I found the Cat Forum just recently, when I felt that I wanted to make some tribute to a member of our family, our cat. Thinking perhaps it would alleviate some of the ache created by his departure, I joined the forum and posted this message.

We have now adopted a young kitten named Kiwi from our local shelter. She's a young female about five and a half months old. She's black and orange with a tortoise shell coat, short haired domestic variety. She's loving and playful. Unfortunately, she apparently acquired a URI from the shelter, and is under the vet's care in order to control it. It kind of creates a worry, not unlike a parent's worries for their child.

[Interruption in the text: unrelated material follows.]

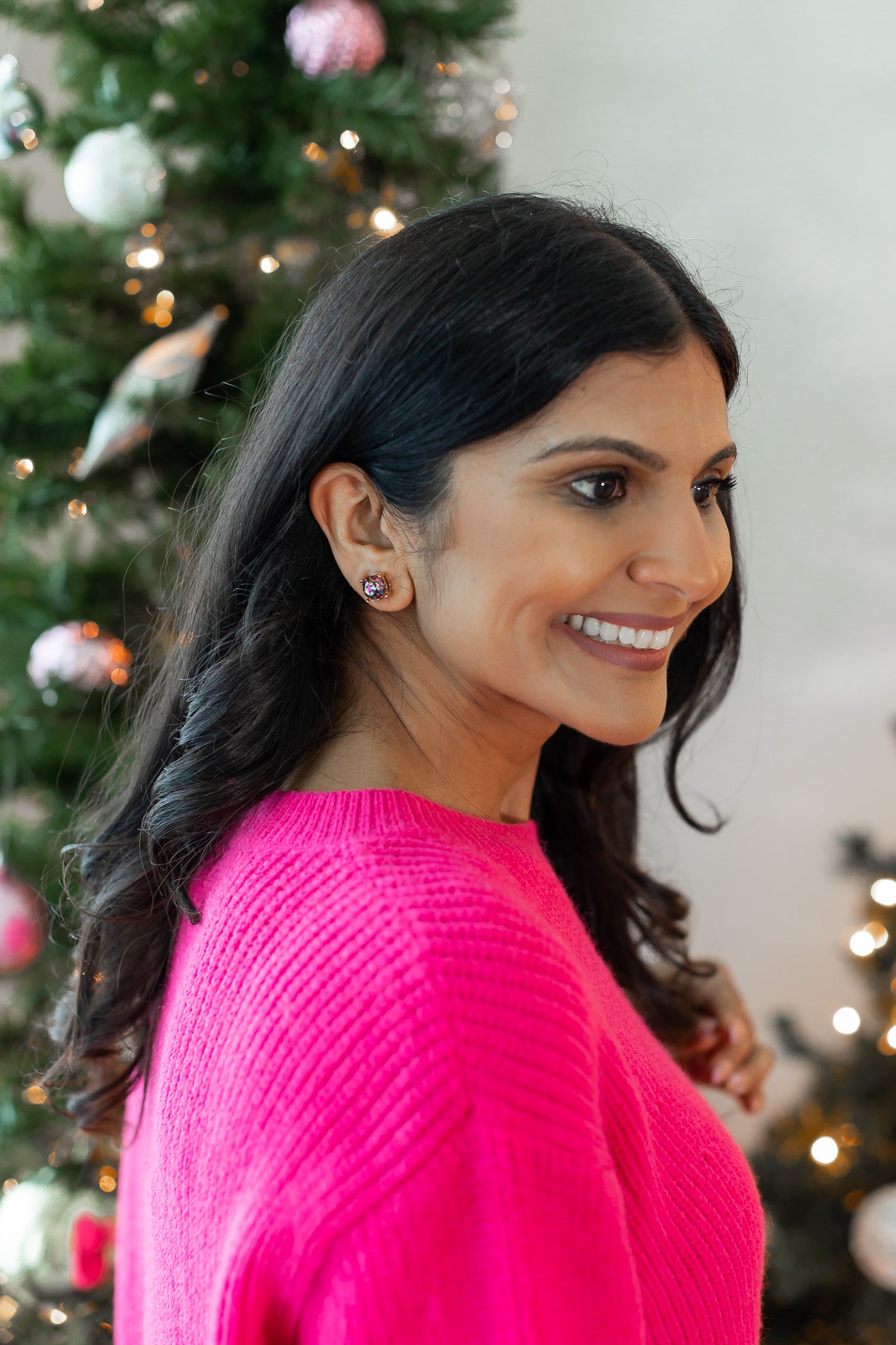 Fuchsia Circled Stud Earrings

I'm presently quite active on another forum as an administrator. With about 5000 members, it gets quite busy, and takes a great deal of time. I may not have a lot of time to post here, but I've certainly become attached to reading the wealth of information and enjoyable comments contained here. I'm pleased to find you.


----------



## Padunk (Oct 20, 2003)

Welcome aboard.


----------



## PrincessClaire (Jan 16, 2004)

Welcome to the forum hope you have fun


----------



## Aonir (Aug 18, 2003)

Welcome to CatForum!


----------



## kristi (Sep 19, 2003)

Welcome to you and Kiwi. I'm very sorry for your loss of Rom.


----------



## karaokekat (Jan 14, 2004)

Welcome! We hope you stay around a bit


----------



## Ioana (Jul 12, 2003)

Hello James - Welcome to the forum 
There is no easy way to say the final good-bye but it is certainly a beautiful thing to pay tribute to Rom talking about him, sharing with other people what a wonderful pet he was. 
I hope Kiwi will get better soon *keeping fingers crossed for her*. I can feel your level of worry - you are right - we are practically parents.
Looking forward to seeing pictures of both of your babies


----------



## CATTYBIRD (Jan 24, 2004)

Welcome to the forum. <<))


----------



## kitkat (Sep 22, 2003)

Welcome to the forum! I'm sorry about your loss of Rom, but am definitely glad you took another kitty who needed a home. Hope your new kitten gets better! Good Luck!


----------



## Empath (Jan 23, 2004)

Kiwi is doing much better. She's got her energy back to a large extent, a healthy appetite, and looks to be on the mend. She's still sneezing, but the vet says she'll probably have the sniffles for a few days. She's an absolute delight.


----------



## Ioana (Jul 12, 2003)

That is wonderful news, Empath - Kiwi will be 100% healthy pretty soon.


----------



## Empath (Jan 23, 2004)

I've heard only one sneeze from Kiwi today. She's as energetic as a kitten should be. As is characteristic of youth, she seems absolutely thrilled with life; and is constantly exploring and learning about the world around her.

I'm really quite relieved that she's doing so well. Now I've got to look reluctantly toward Feb 17, the day she'll be spayed. All that keeps going through my mind is a memory of a friends kitten that didn't survive; but I've heard that spaying is generally without such complications.

Anyway, we've got her for whatever time she spends in this world, or she's got us for whatever time we spend in this world. Who could ask for more?


----------